"Rheostatic" regulation of mitchondrial volume density: evaluating the relative contributions of synthetic and degradative pathways to total organelle content.

线粒体体积密度的“变态”调节：评估合成和降解途径对总细胞器含量的相对贡献。

• 批准号: 386642-2010
• 负责人: Leary, Scot
• 金额: $ 2.4万
• 依托单位: University of Saskatchewan
• 依托单位国家: 加拿大
• 项目类别: Discovery Grants Program - Individual
• 财政年份: 2010
• 资助国家: 加拿大
• 起止时间: 2010-01-01 至 2011-12-31
• 项目状态: 已结题
• 来源: https://www.nserc-crsng.gc.ca/ase-oro/Details-Detailles_eng.asp?id=463885
• 关键词: Rheostatic; regulation; mitchondrial; volume; density

Mitochondria are organelles that have numerous functions crucial to cellular homeostasis. To fulfill these varied functions, mitochondria occupy a fixed percentage of the total cell volume, a parameter known as mitochondrial content. While ~2-20 fold variations in mitochondrial content are observed across the tissues of higher eukaryotes, the developmental program that establishes these "set points" is unknown. Equally unclear is what limits the adaptive responses of the organelle in select tissues upon exposure to a given physiological stimulus. My NSERC Discovery program will address these two fundamental biological problems by testing the following hypothesis; inter-tissue differences in both total mitochondrial content and its adaptive potential are explained by the differential regulation of flux through pathways that synthesize and degrade the organelle. An integrative, multifaceted approach will be used to quantify total mitochondrial content in different tissues of C57BL/6 mice, and measure the relative contributions of organelle biogenesis and turnover in regulating these "set points", both under basal conditions and during physiological transitions. Mechanisms that regulate the activities of relevant synthetic and degradative pathways will also be investigated, first in situ in primary cultures and then in vivo in the whole animal. Initially, these studies will be focused on the their involvement in regulating mitochondrial content in the liver; however, over the long-term, they will be expanded to include other tissues of C57BL/6 mice, as well as those of transgenic mice with isolated defects in organelle biogenesis and turnover, so that the inter-tissue nature of the hypothesis can be fully addressed. Numerous training opportunities for highly qualified personnel exist within the outlined program, whose advancement will make fundamental contributions to our understanding of biology by identifying the molecular genetic mechanisms that regulate mitochondrial content and determining whether they are conserved across tissues.

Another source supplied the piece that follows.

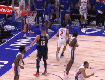 在末节比赛最后的1分41秒时,约老师攻击篮下没能命中,自己抢下进攻篮板后在三人防守下再次投篮不中。裁判报告指出,活塞队员斯图尔特在防守时,从后面和约老师的肩膀有接触,影响了后者的出手。这本该是一次投篮犯规,裁判员当时没有吹罚。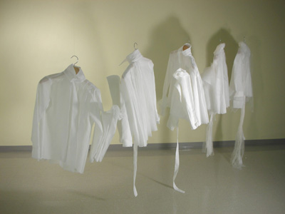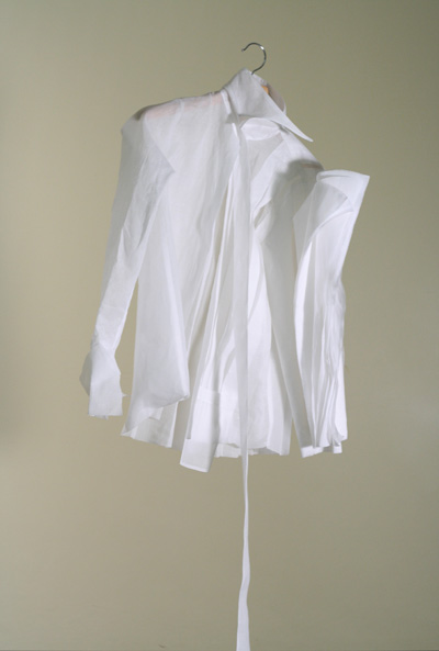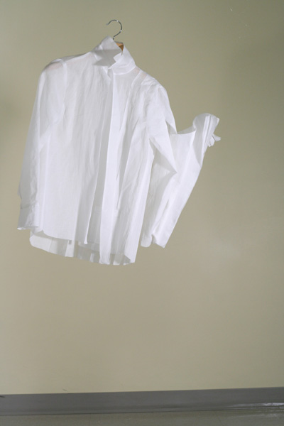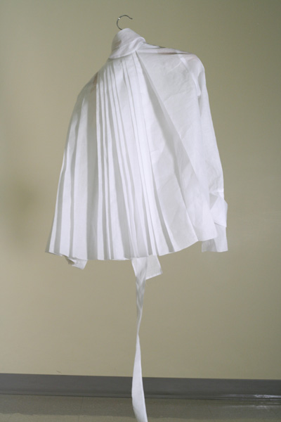 Statistics and social criticism meet in the style variation project Indice de l’indifférence. Ten unconventional white shirts were created using data from online surveys, specifically the number of times the option “I’m indifferent” has been recorded to answer a question. The entire pattern was altered by the compiled data (which was transferred using programming language Lingo), including the angle of the collar, the length of the pocket and the depth of the folds. Ying Gao’s shirts reflect society’s indifference to a wide array of cultural, political and social issues.

线粒体是细胞器，具有许多对细胞内稳态至关重要的功能。为了实现这些不同的功能，线粒体在总细胞体积中占据固定的百分比，这一参数被称为线粒体含量。虽然在高等真核生物的组织中观察到线粒体含量的~2-20倍的变化，但建立这些“设定点”的发育程序尚不清楚。同样不清楚的是，是什么限制了选定组织中细胞器在暴露于给定生理刺激时的适应性反应。我的NSERC Discovery计划将通过测试以下假设来解决这两个基本的生物学问题：组织间线粒体总含量及其适应潜力的差异是通过合成和降解细胞器的途径对通量的不同调节来解释的。将使用一种综合的、多方面的方法来量化C57BL/6小鼠不同组织中的线粒体总含量，并测量细胞器生物发生和周转在调节这些“设定点”中的相对贡献，无论是在基础条件下还是在生理转变期间。调节相关合成和降解途径活动的机制也将被研究，首先在原代培养中原位，然后在整个动物体内。最初，这些研究将侧重于它们参与调节肝脏线粒体含量的能力；但是，从长远来看，它们将扩大到包括C57BL/6小鼠的其他组织，以及细胞器生物发生和周转方面存在孤立缺陷的转基因小鼠的组织，以便能够充分解决该假说的组织间性质。在概述的计划中，存在着许多高素质人员的培训机会，这些机会的进步将通过识别调节线粒体内容的分子遗传机制并确定它们是否在组织中保守，从而为我们理解生物学做出根本性贡献。